D’un autre côté, l’étudiant en sociologie et travail social se félicite du résultat des JSF, première liste jeune de son canton, avec 1,73% des suffrages. Lui-même termine en troisième position, derrière deux candidates, «un vote féministe, c’est très bien comme ça». Léo Tinguely, qui s’était déjà mobilisé pour la Grève des femmes du 14 juin, envisage de se présenter au Grand Conseil fribourgeois, avec cette fois l’objectif d’aider la JSF à décrocher au moins un siège.

Un moment de campagne: Le week-end «vert» de Léo Tinguely


Mireille Tissot-Daguette (NE): «Nous avons vibré»

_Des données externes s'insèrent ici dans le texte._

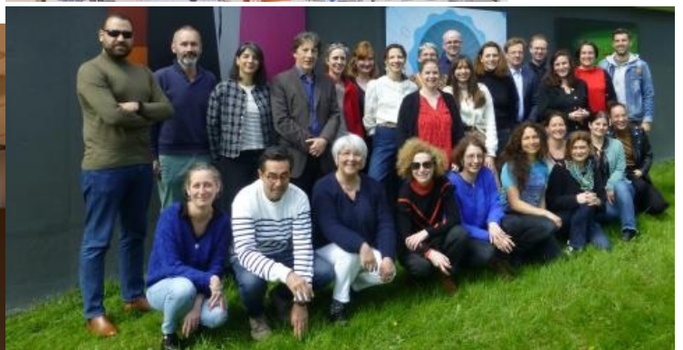
The CIREFE team (spring, 2024)

Candidate jeune vert’libérale neuchâteloise, Mireille Tissot-Daguette est ravie de relever que sa liste a fait le meilleur score des listes «Jeunes» de Suisse: «2,7%, ça paraît peu, mais c’est vraiment très encourageant.» Avec 1600 voix, cette enseignante se réjouit également de son propre résultat, étant la mieux sortie de sa liste. Et même si le parti n’a pas remporté son pari de décrocher un tout premier siège au Conseil national, «nous avons vibré», s’enthousiasme-t-elle.

La candidate se tourne déjà vers l’avenir. «La prochaine échéance, ce sont les communales de juin. J’espère bien être au Conseil général de la nouvelle commune élargie de Neuchâtel (qui fusionne avec trois de ses voisines). J’ai eu pas mal de visibilité, ça me paraît faisable.»